The Canadian Agri-Food Trade Alliance (CAFTA), Grain Growers of Canada (GGC), and other farm groups oppose C-202. Scott Hepworth, acting chair of GGC, said, “Parliament chose to prioritize one group of farmers over another. As a grain producer, I know firsthand how important international trade is to my family’s livelihood. Without reliable access to global markets, farmers like me are left behind.”
Canada has 65,000 grain farms and 53,000 pig and beef farms, compared to 14,700 supply-managed farms, less than one per cent of the total of 190,000 farms in Canada.
Marketing boards benefit a tiny minority of Canadian farmers while damaging the majority and increasing prices for all Canadians.
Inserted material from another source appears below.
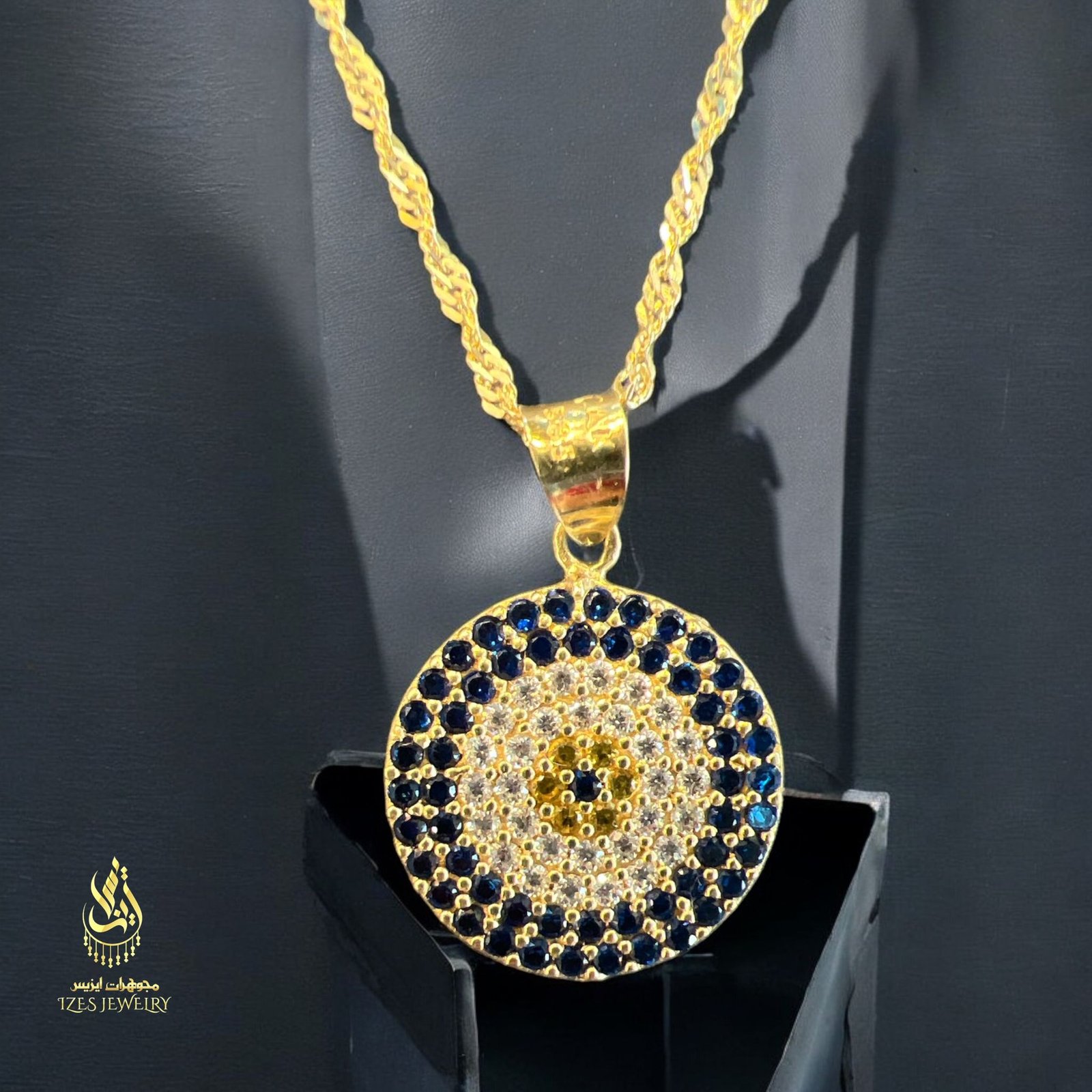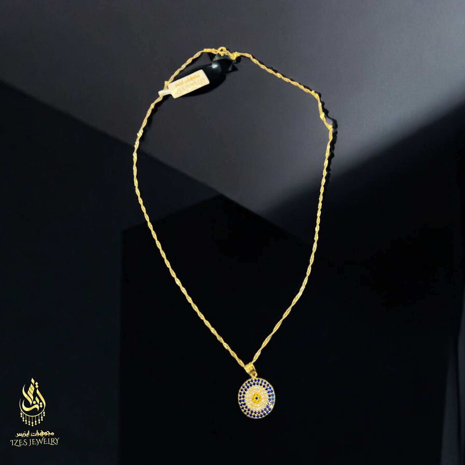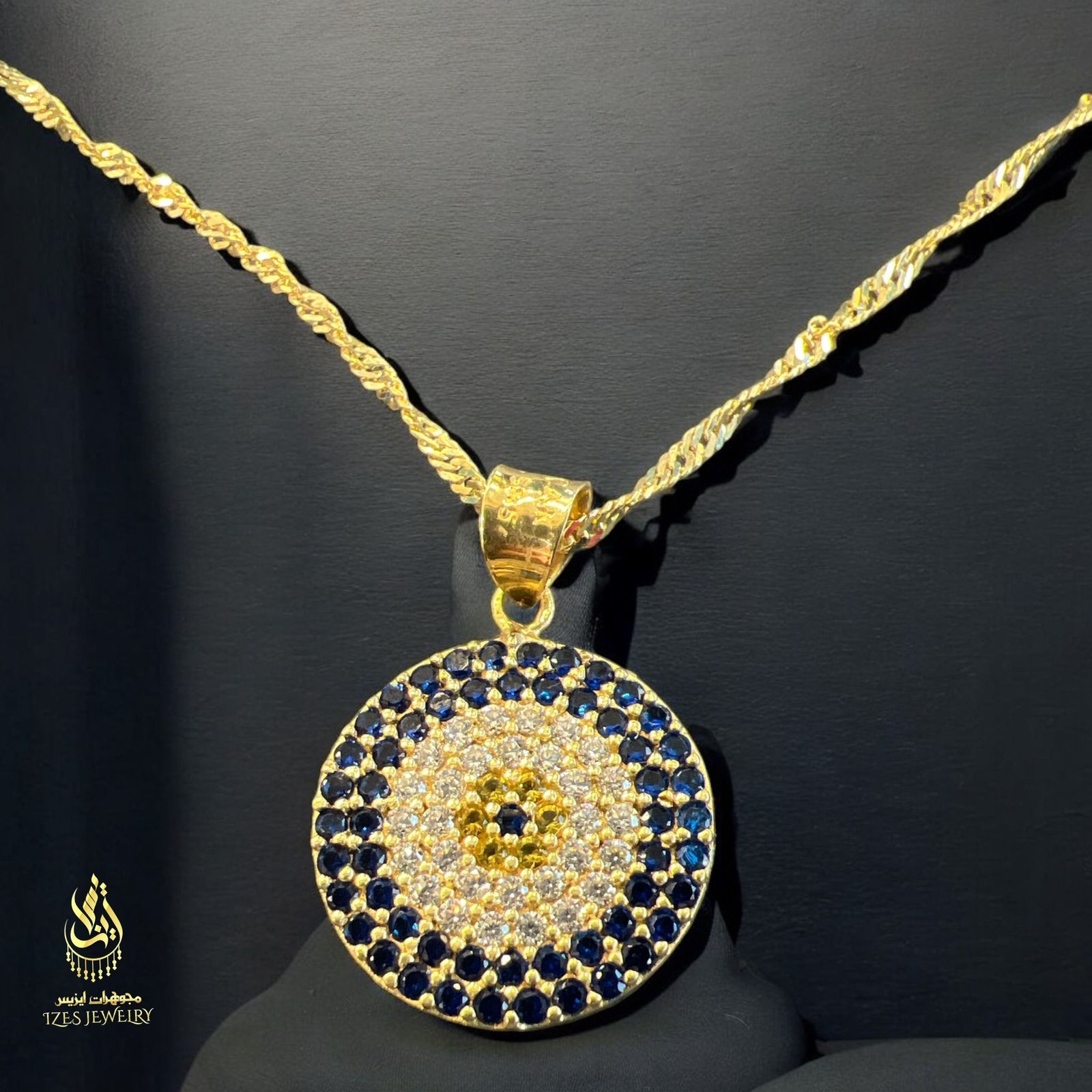 This beautiful necklace is crafted from 14-karat yellow gold, combining elegance and simplicity in a luxurious circular design. The pendant features multiple layers of carefully arranged stones that create a striking, eye-catching effect:

One benefit of Donald Trump’s trade war against Canada has been the resolve on all levels of government to reduce home-grown obstacles to growth, including iron trade curtains between provinces.
The spineless response to C-202 reveals the weakness of that resolve and politician’s willingness to bend the knee to rich lobbies, toss other farmers under the bus, and carelessly pile on costs for Canadians, particularly low-income ones.